■ **Work to be completed**: Take the line containing "Figure G.1: Visualisation" and all lines after it, through the end of the material, and repeat them exactly, pictures left out.

■ **Dataset content**:
▶

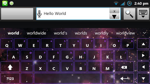 HD Keyboard skin with glorious Nebula purple background, and semi transparent keys.
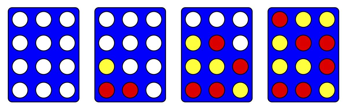 Figure G.1: Visualisation of the sample cases, showing the state of the game after 0, 3, 8 and 12 moves, respectively. Alice's tiles are shown in red, Bob's tiles in yellow.
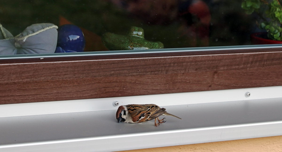 Siehst du einen Vogel ohne erkennbaren Grund vor dem Fenster liegen, solltest du ihn zunächst beobachten, ohne dich dem Tier zu nähern. Wenn der Vogel nach kurzer Zeit wieder von selber weiterfliegt, ist offensichtlich alles in Ordnung.

◀

■ **Your solution**:
 Figure G.1: Visualisation of the sample cases, showing the state of the game after 0, 3, 8 and 12 moves, respectively. Alice's tiles are shown in red, Bob's tiles in yellow.
 Siehst du einen Vogel ohne erkennbaren Grund vor dem Fenster liegen, solltest du ihn zunächst beobachten, ohne dich dem Tier zu nähern. Wenn der Vogel nach kurzer Zeit wieder von selber weiterfliegt, ist offensichtlich alles in Ordnung.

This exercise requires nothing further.